Troy Buchanan

New Page!

In Uncategorized on November 5, 2009 at 10:56 PM

I am really trying to show everyone that I am serious. I know that I have the talent, the potential, something’s there in me…in my heart. I feel it. Just as Phil Collins felt it in the air.

It’s lurking waiting to be unleashed at the right moment. But, it’s aparant and clear as the lenses in my glasses when I see through them that I am meant to something beyond what I can actually understand at this point in my life. Or what anyone else can understand for that matter. The important thing is that I believe in me. You don’t have to now, but you will. One day, you will.

I don’t come across many people that have the potential to be really good at so many things. Especially in the arts. I write music, I rap/sing, I draw, I write film scripts, I’m a video editor, I am somewhat of a photographer, and I am an aspiring filmmaker. I do want to be a director in the future…but the music is my first love. I have to conquer that first. The point that I  try to make all the time is that, I am good at this stuff. It’s quality art and it’s heartfelt. Everything I do is me painting my heart and the way I see the world onto the canvas of my choice in order to share with the world. It heals my pain. And like what art represents to so many other people… that, “get them through their day” art. I do it for that reason and so that it heals thier pain.

This page is just another addition in my catalog proving that I can do and be everything that I say that I want to be. Click the Photography link above and open the door to another chamber in my world.

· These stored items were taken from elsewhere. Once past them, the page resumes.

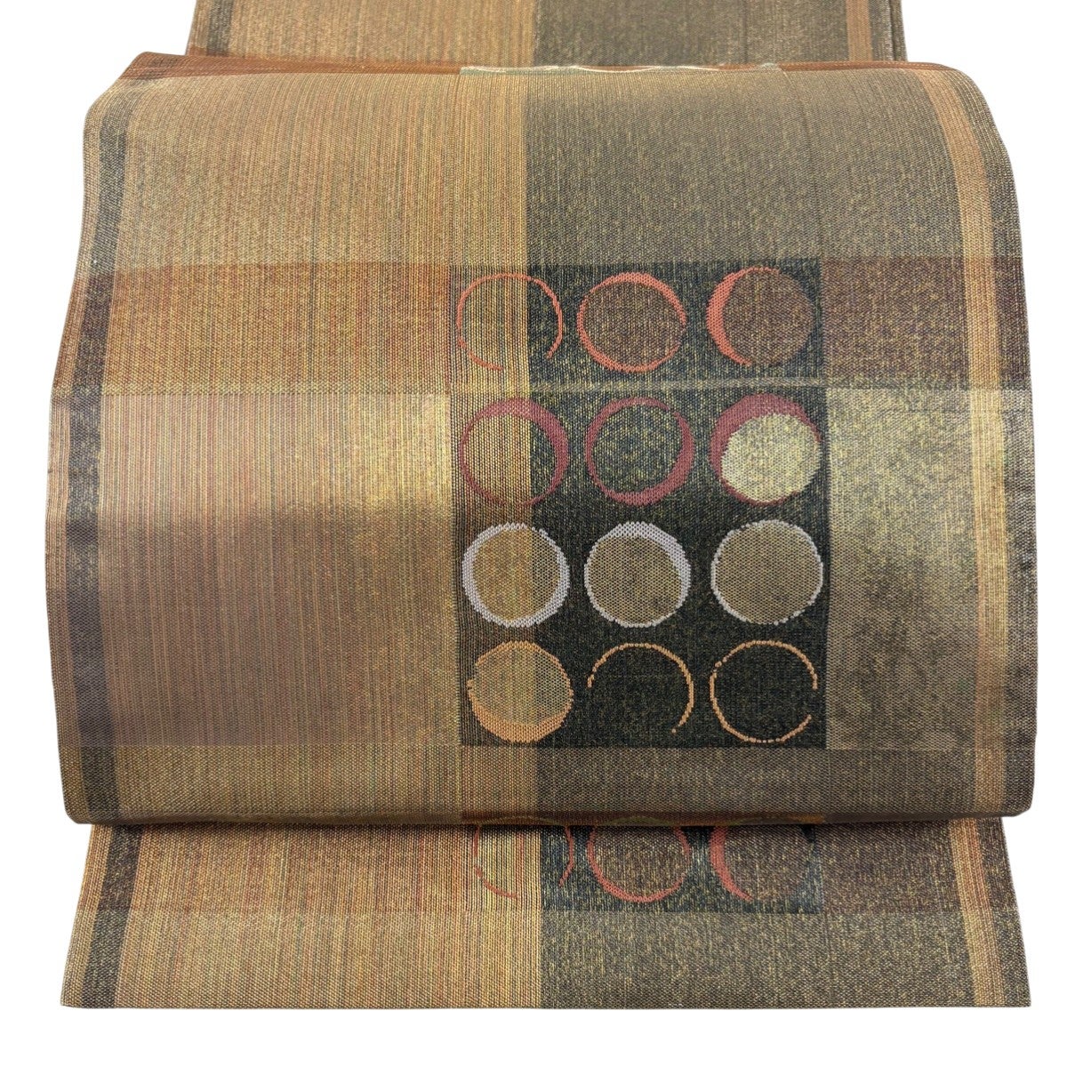 袋帯 秀品 幾何学 縞 金糸 箔 薄茶色 六通 正絹
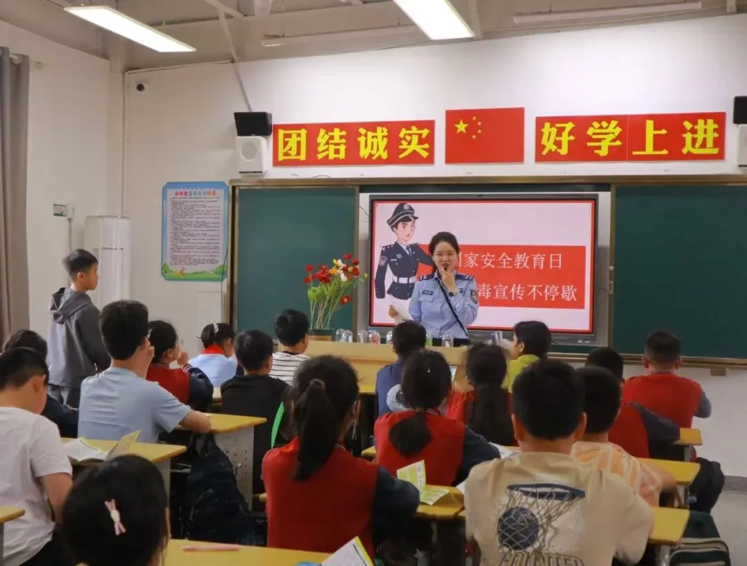 安义县禁毒民警走进安义中学,开展以“国家安全记于心 禁毒宣传同步行”为主题的禁毒宣传教育活动
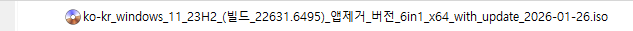 KB5078132 = 최신 누적 업데이트(22631.6495) (Last Cumulative update : LCU) (2026-01-24)
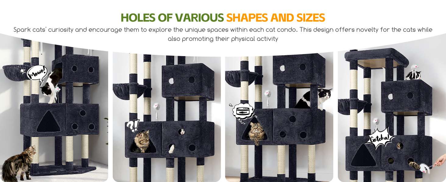 3 Condominios con Diseño Unico: Esta torre cuenta con 3 cuevas o casas de diseño exclusivo. Cada una tiene diferentes aberturas y formas, lo que añade un elemento de diversion y exploracion, fomentando la curiosidad mientras les ofrece un escondite seguro.

She said that I’m going to be infamous!

In Uncategorized on November 4, 2009 at 1:53 AM

malcolmxLive to be famous, or become infamous and be remembered forever? I’m joining forces with the latter.

A young lady once told me, after working with me for 3 short months on a project, that I would one day be infamous. I’m assuming this notion was all based on my work performance and the way that I presented myself.  I never understood that prophecy or knew what it would mean for me until we politicked recently and she explained to me what that really means. I always said that I wanted to be an influential figure in my life. Influential for all the right reasons. Set standards and examples for so the young men coming up behind me will have someone to aspire to be like. It’s hard to be a role model or someone in the spotlight and live a life that detaches you from negativity, evils, or something that taints your image. Some try, I would hope, many could care less, and few ever live up to that. It’s sad. There are really no good role models left out there. Especially for black men, and blacks in general. We are forced to find our role models in entertainment. Everyone has some dirt on their feet from their walks in life. We are human,  inherintley imperfect and I love it. Why do I need to walk around trying to be Christ like? I don’t even think Christ was perfect. He’s a human isn’t he? Humans have flaws, no? Hm…

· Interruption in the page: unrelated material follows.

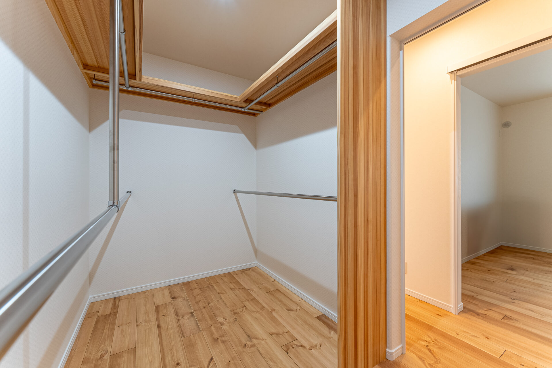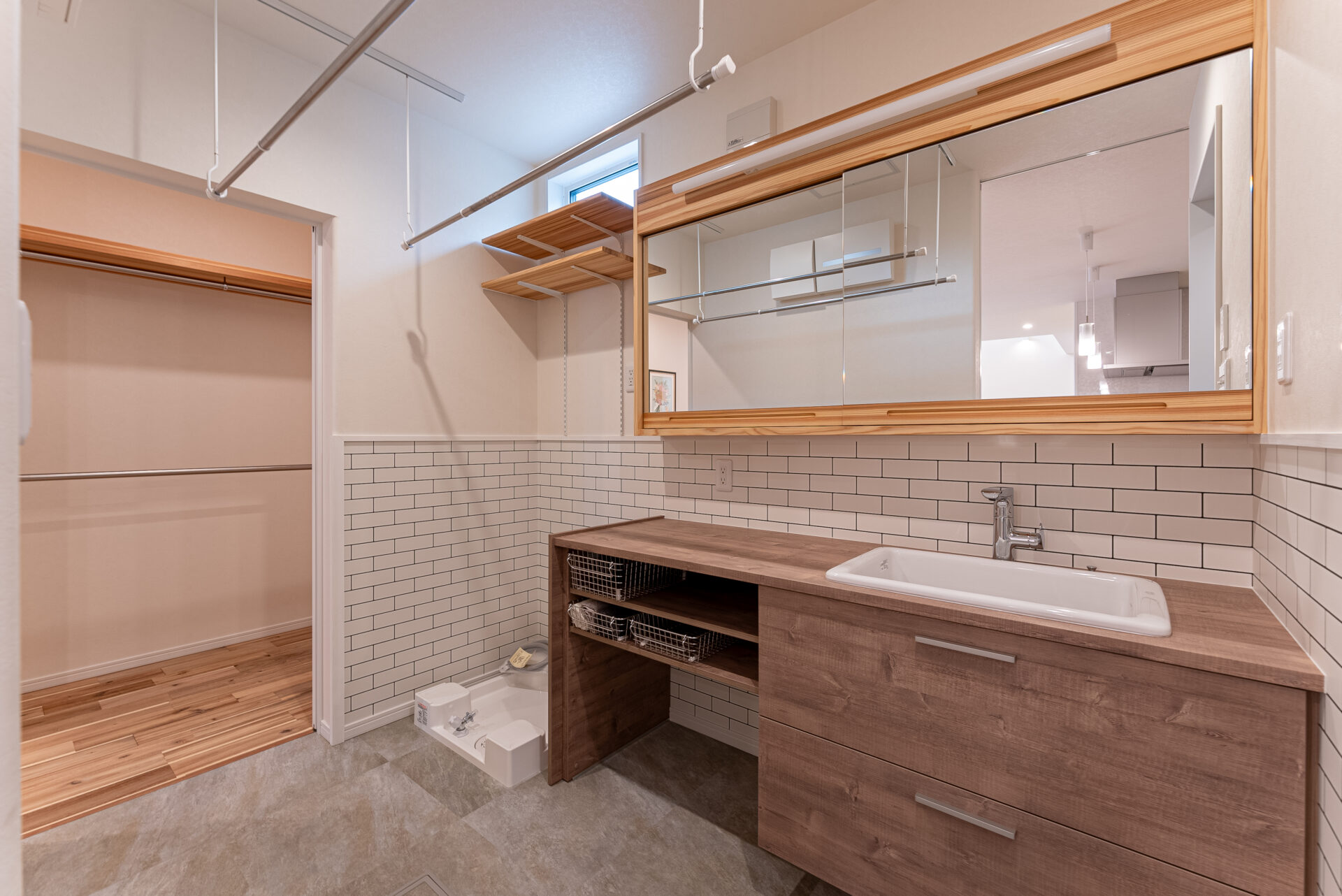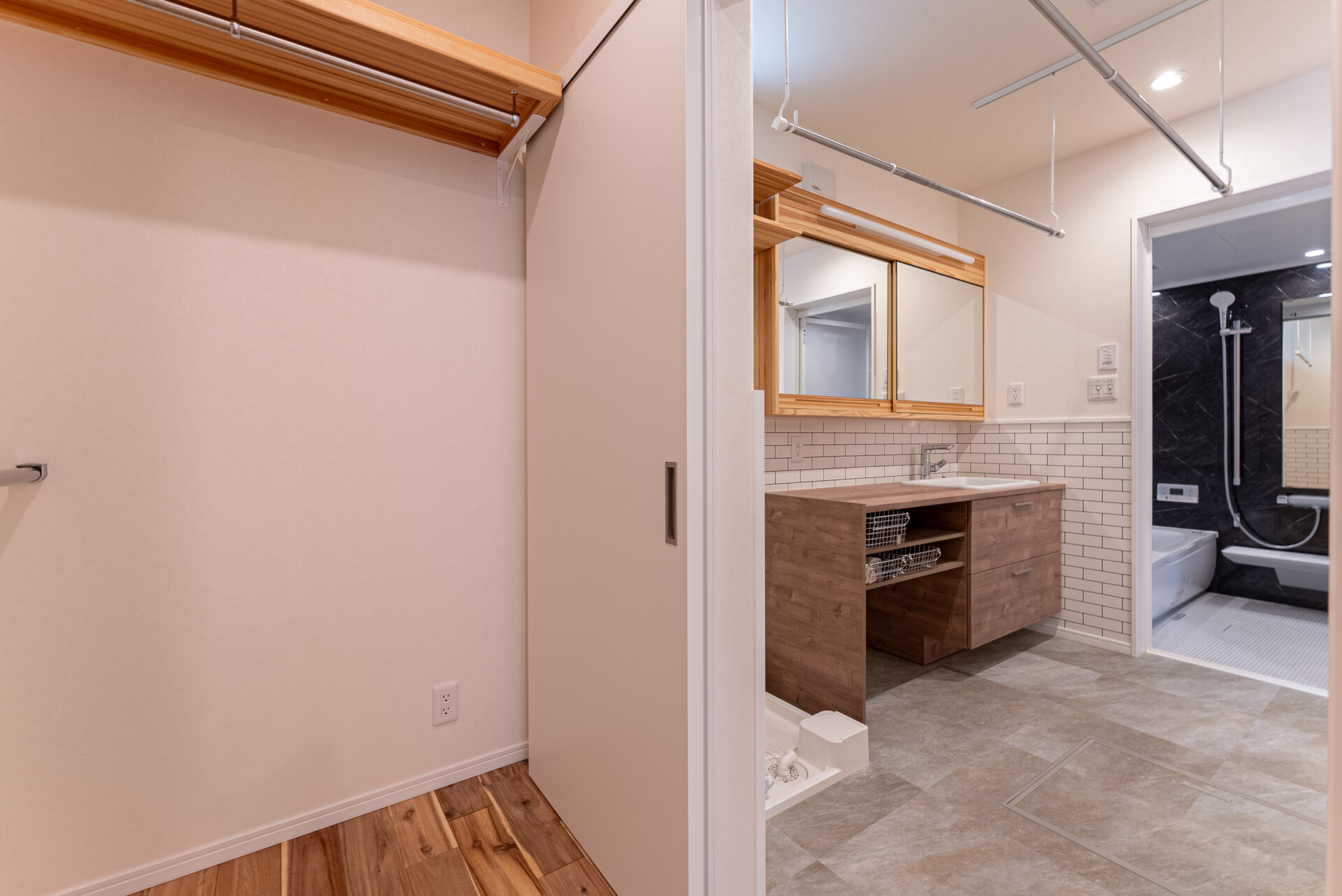 洗面脱衣室兼ランドリールームのすぐ隣にウォークインクローゼット。 洗って干してしまうが一箇所で完結できる快適洗濯動線で、家事にかかる時間を短縮することができます。 時短した分、家族との時間やひとりの時間、趣味の時間に費やすことができ、マイホーム生活がますます楽しくなりそうですね。

All of the people that I look up to and strive to be like have come from environments that can make you cringe. They have done terrible things that where the result of circumstance. I can relate to them. I know that same environment. Maybe not through and through but I have seen what they have become.  They are some of the most amazingly talented, intelligent, and inspiring people that I have witnessed.

As I try to telescope out my window into my future I am trying to see if I can truly be that role model for the kid(s) who are in my position now. Unfortunately I can’t see that far yet, of who I will become, it’s too blurry. I know who I want to  be… so, for the moment I just try to keep reminding myself.

Where do I want to go?

The top.

Who do I want to be?

A Legend.

Why do I want what seems so out of reach for just the average joe?

Because I have slaved, fought, bled, cried, and slaved some more. In the conception of those I have created art to free myself of the pain and harsh memories, and you know what? I damn sure feel like I deserve to be great. I think about the future, because I’m fascinated by it. It’s my love affair. I want to be the future of strong black men who don’t lead our people astray.

I am the future. Simply, because I am still living. Much to attest for a black man.

Walk Hard…The Troy Buchanan Story

In Uncategorized on October 28, 2009 at 11:55 PM

I have officially decided to leave Rhythm and Hues after what will be two feature films, and one test project. What an amazing experience I have had being here. Simply, hands down, and unadulterated the best company I have ever worked for. That’s a lot coming from me. I have worked for a lot of companies, and I have hated them all. The fact of the matter is, I cannot continue being a PA. I need to go after my dreams. No hard feelings R+H, I love you all.

So what’s next for me? Well, I’m still working on finishing this album, script #2, and of course my ,”what would be awesome day job “- a fashion model. I am getting a little closer with the latter. I just have to get some professional pictures done. I was told that the ones that I took were just not good enough, albeit, ” You have the look and you’ve got killer eyes” is what was said. So, that tells me I just have to cough up my money and get some good pictures taken in order to make this happen. Wish me luck! My only concern is from now until that happens…money. What am I going to do? Solstice (my part-time) can’t pay all my bills. Well, I’m a hustler (in a hard-working man sense), I have grinded (no Tony Hawk affiliation), and I have been through worse. Like my homie, Mark, told me. Thug it out.